I find this recommendation an interesting point for discussion for several reasons:

*) The contract commits peer reviewers to take the promised resources into account when evaluating the contributions made by the paper. How will they be taken into account? We have already seen evidence that separate artifact evaluation committees are a good plan, rather than asking paper reviewers to do double duty.

*) What is the incentive for authors to include a sharing contract, or to include one that states they will share artifacts rather than not sharing? The article includes many strong arguments authors have expressed for not sharing in the past, so how does this contract address those problems?

*) Where would the implementation of sharing contracts start? At a particular conference like Artifact Evaluation Committees? As a journal publication standard? Elsewhere?
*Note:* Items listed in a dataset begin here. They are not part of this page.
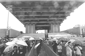 5月5日,游客在中国馆前排队准备入馆参观。当日,上海迎来世博会正式开幕以来首个降雨天气,在连续多个“高温天”之后,世博园区内的游客感觉凉爽了不少。据上海中心气象台消息,上海降雨天气将持续,局部地区雨量可达中等程度,风力依然较大,未来3至4天的最高气温将降至24至25摄氏度。新华社发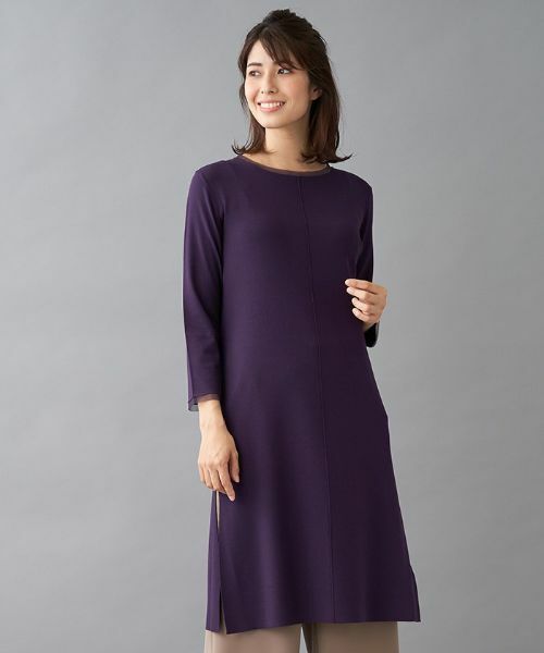 ハイゲージの滑らかな風合いが美しいクルーネックニットチュニック。ネックラインにシアーなチュールを添えた上品さのあるデザインが印象的。ヘムサイドに深めのスリットを配した、動きやすいデザインです。※定価(税込)は、2022年01月02日のセール開始前の店舗における販売価格です。家庭洗濯不可漂白不可タンブル乾燥不可アイロン低温120℃まで石油系溶剤ドライクリーニング弱ウェットクリーニング不可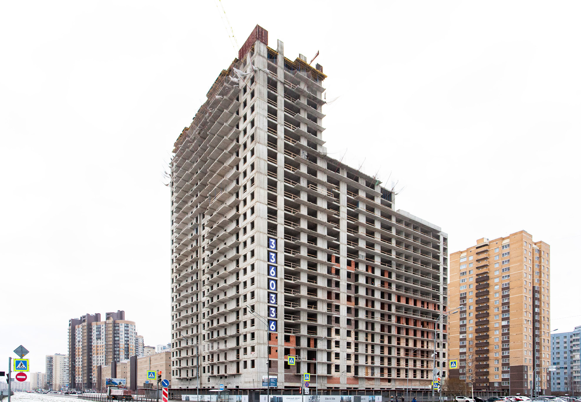 Основной объем монолитных работ выполнен. Во всех секциях также идет кладка наружных и внутренних стен. В первой секции выполнен основной объем с 1-го по 6-й и 8-й этажи. Во второй секции — с 1-го по 7-й этаж. Третья-пятая секции также в работе.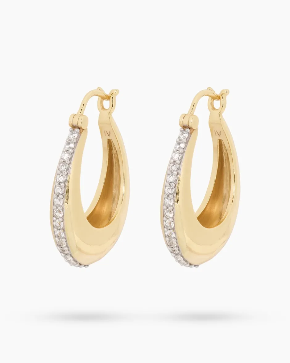 Mit Creolen liegen Sie immer richtig. Und wenn sie dann noch mit funkelnden Zirkonen verziert sind, sollten Sie zugreifen. Die Creolen sind aus Bronze in Gelbgoldoptik, das dank der Hochglanzpolitur mit einem warmen Goldschimmer begeistert. Die kleinen Creolen sind am äußeren Rand mit je 16 weißen Zirkonen ausgefasst. Die runden Zirkone sind im Facettenschliff veredelt und glitzern in Krappen gefasst in einem reinen Weiß. Ein faszinierender Kontrast zur warmen Gelbgoldoptik. Verschlossen wird Ihr neuer charismatischer Schmuck mit einem bequemen Bügelverschluss. Das perfekte Accessoire zu modischem Chic oder einer edlen Abendgarderobe.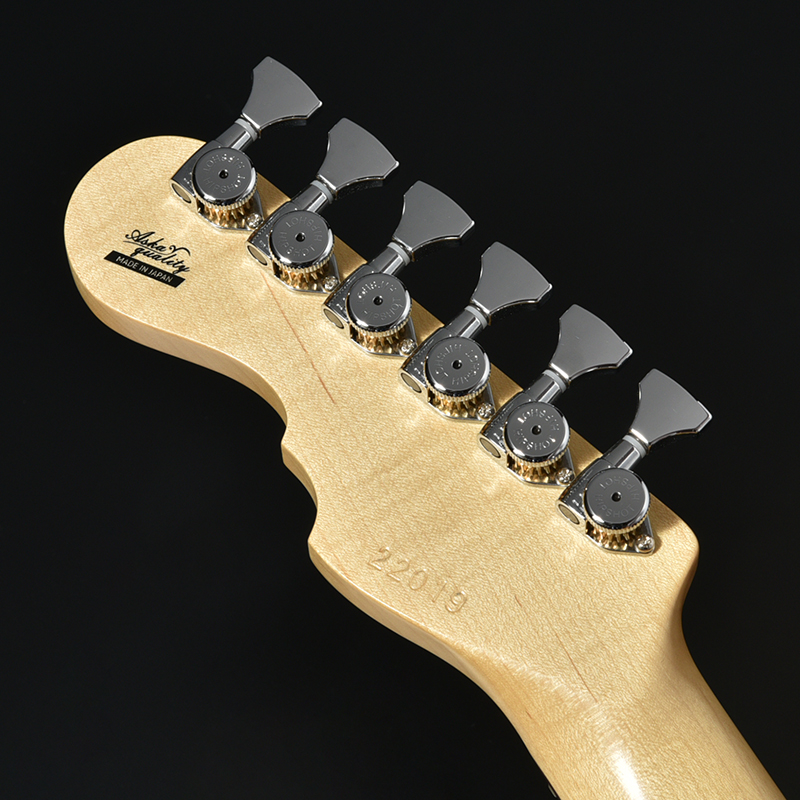 1983年カリフォルニア州で設立されたHipshot社のロックペグを採用。正確に切り出された18:1のギヤとナイロン製ベアリングの組み合わせにより長期間にわたってスムーズな使い心地と正確なチューニングを維持します。搭載ペグはポストの高さが各弦それぞれ異なり、ナットに対して適切なテンションを与えます。この機構によりストリングガイドも不要です。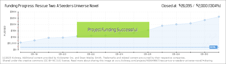 Thank You, Everyone!! And going past this 5th stretch goal adds in some fun stuff. First off, that means all backers not only get the RESCUE TWO Seeders new novel, but also five other books in electronic form. And for the writers, or the writers in... (Read More)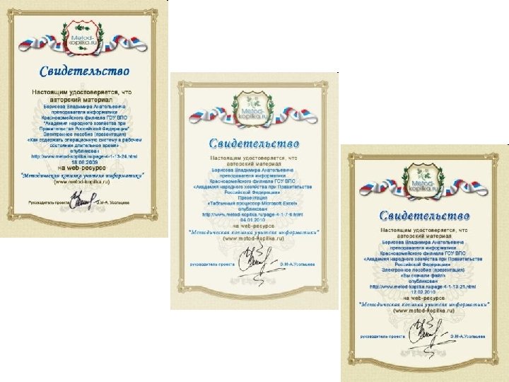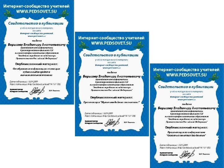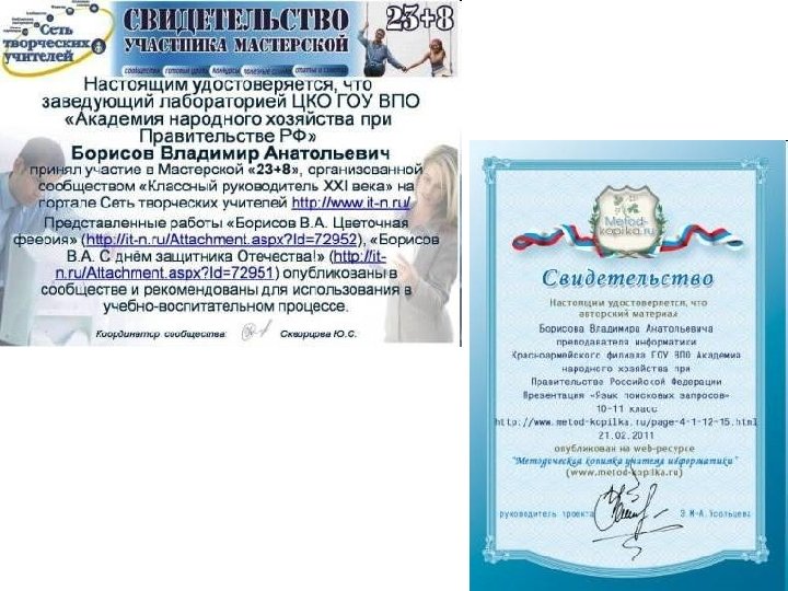 Образование: высшее. Специальность: учитель физики и информатики. ВУЗ: Саратовский государственный педагогический институт им. Федина. Факультет: физико - математический. Год окончания: 1994. Квалификационная категория: высшая. Награды: не имею. Личный сайт: http: //borisovva. ucoz. ru/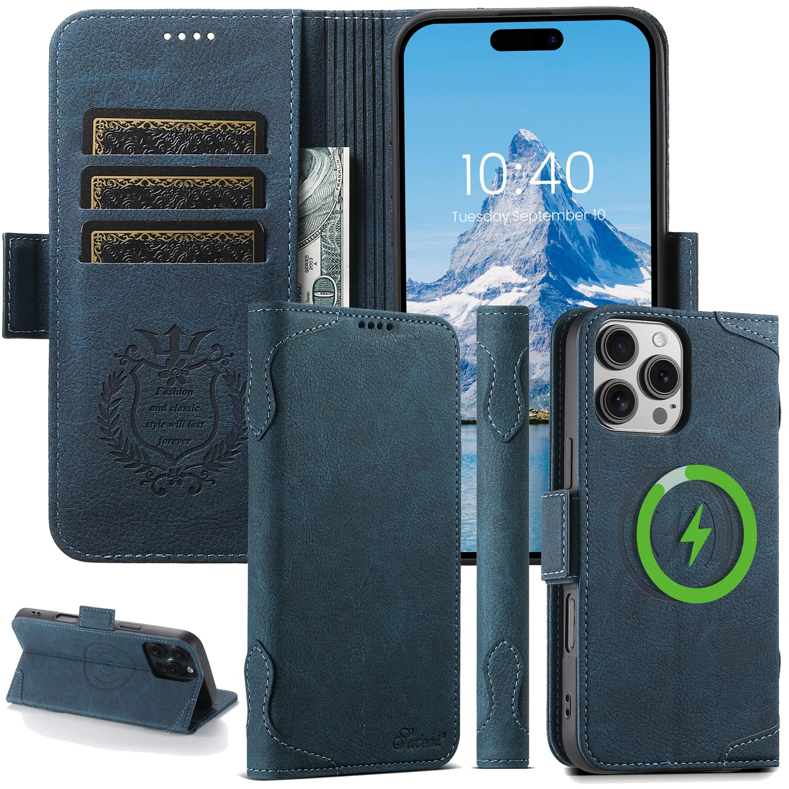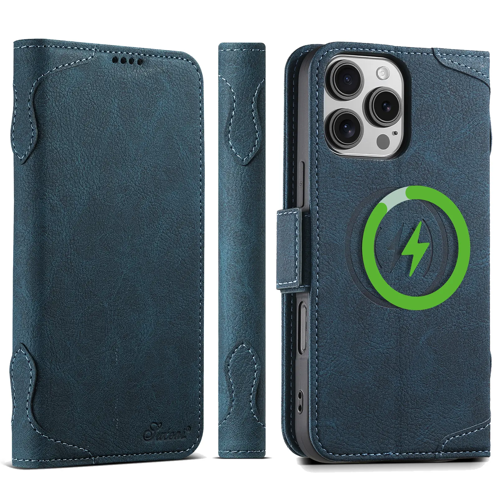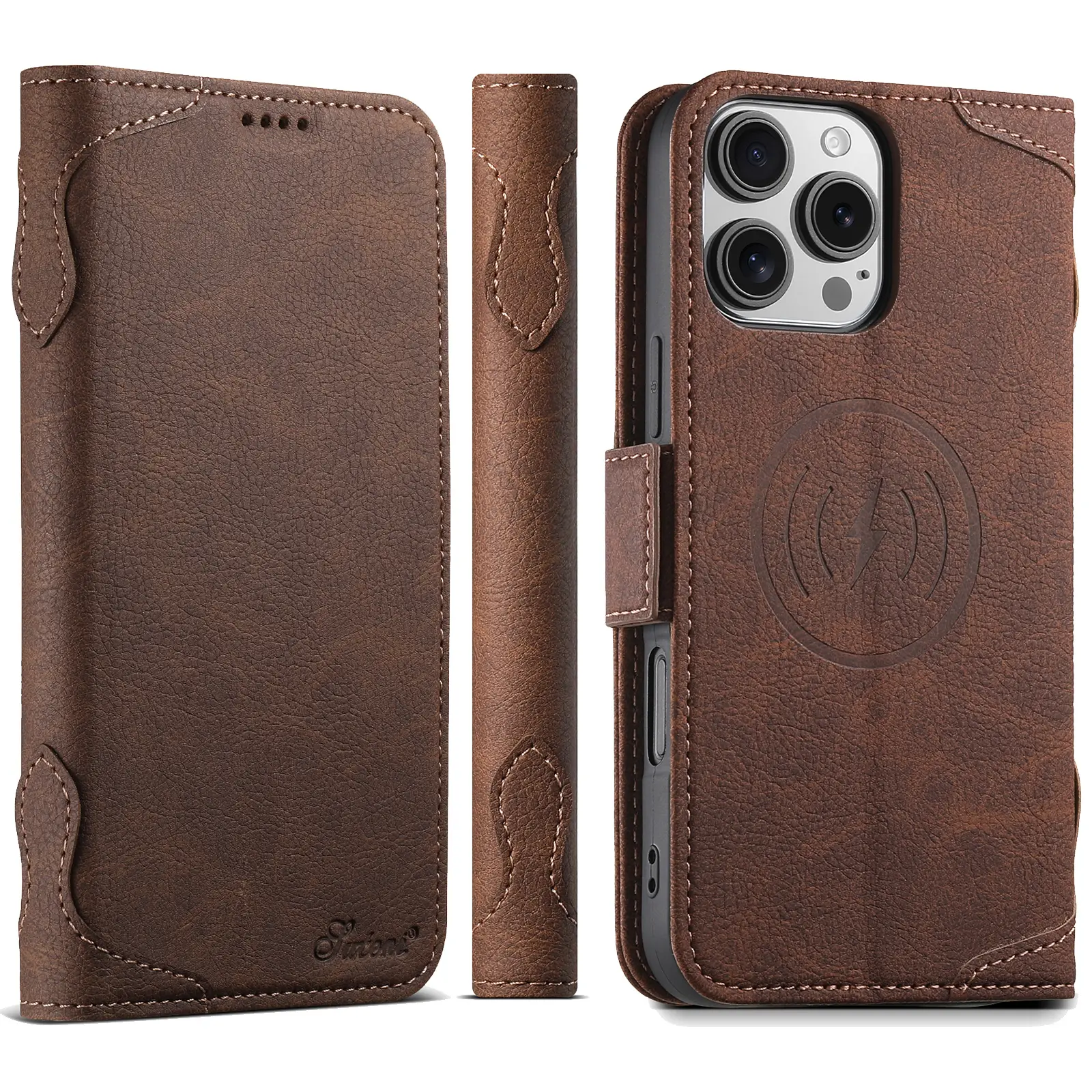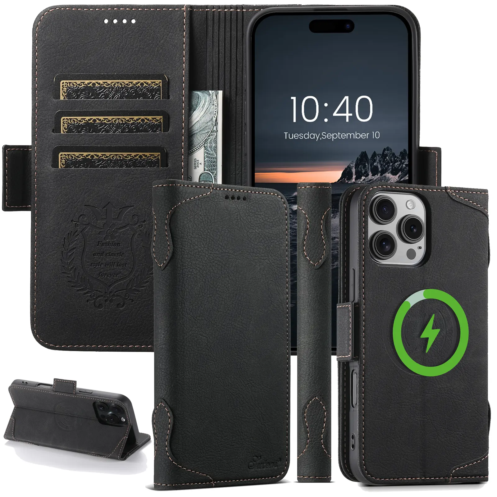 Ever fumble with your phone while charging or watching videos? The SUTENI wireless charging faux leather wallet case is here to simplify your life. Designed for iPhone 12 through 17 Pro Max models, this sleek case combines style and function. Its magnetic button closure keeps your phone snug and secure, while the faux leather finish adds a touch of classic elegance that lasts. Need to catch up on your favorite show or video chat hands-free? Just flip the case into a stand and enjoy. Plus, it supports wireless charging and MagSafe, so no need to remove the case when powering up. Whether you're gifting it to relatives, friends, or elders, this case suits everyone with its unisex design. Inside the box, you'll get the faux leather magnetic flip cover case ready to protect and impress. Upgrade your phone experience with a case that works as hard as you do—grab yours today and enjoy convenience and style all in one!

The authors also make a recommendation that I wholeheartedly support and would like to publicly endorse on this blog: "Funding agencies should encourage researchers to request additional funds for 'repeatability engineering,' including hiring programming staff to document and maintain code, do release management, and assist other research groups wanting to repeat published experiments." Well-said Christian and Todd! Please count me in on your efforts to make this happen!

Friday, August 14, 2015

Reproducibility Workshop Report

Final report of the reproducibility@xsede at XSEDE 2014:

Monday, August 10, 2015

Preserve the Mess or Encourage Cleanliness?

As part of the DASPOS project, my research group is developing a variety of prototype tools for software preservation.  Haiyan Meng and Peter Ivie have been doing the hard work of software development while I write the blog posts.  This recent paper gives an overview of what we are up to:
Douglas Thain, Peter Ivie, and Haiyan Meng, Techniques for Preserving Scientific Software Executions: Preserve the Mess or Encourage Cleanliness?, 12th International Conference on Digital Preservation (iPres), November, 2015.

Our basic idea is that preservation is fundamentally about understanding dependencies.  If you can identify (and name) all of the components necessary to running a bit of code (the data, the app, the libraries, the OS, the network, everything!) then you can reproduce something precisely.  The problem is that the dependencies are often invisible or irrelevant to the end user, so we need a way to make them explicit.

Given that, there are two basic approaches, and a continuum between them: 

  • Preserve the Mess.  Allow the user to do whatever they want using whatever programs, machines, and environments that they like.  As things run, observe the dependencies and record them for later use.  Once known, the dependencies can be collected for preservation.
  • Encourage Cleanliness. Require the user to run in a restricted space, in which all objects (data, programs, operating systems) must first be explicitly imported and named.  Once imported, the user may combine them together, and the system will accurately record the combination.
An example of preserving the mess is to use the Parrot virtual file system to run an arbitrary application.  When run in preservation mode, Parrot will observe all of the system calls and then record all the files and network resources that you accessed.  This list can be used to package up all the dependencies and re-run them using a virtual machine, container, or Parrot itself.  For a given application, the list can be surprisingly long and complex:


This approach is easy to apply to any arbitrary program, but only for the sake of precise reproduction.  The resulting package is only guaranteed to run the exact command and input files given in the first place.  (Although one could edit the package by hand to change the inputs or make it more generally applicable.)  More importantly, loses the context of what the user was attempting to do: it does not capture the source or version number of all the components, making it challenging to upgrade or modify components.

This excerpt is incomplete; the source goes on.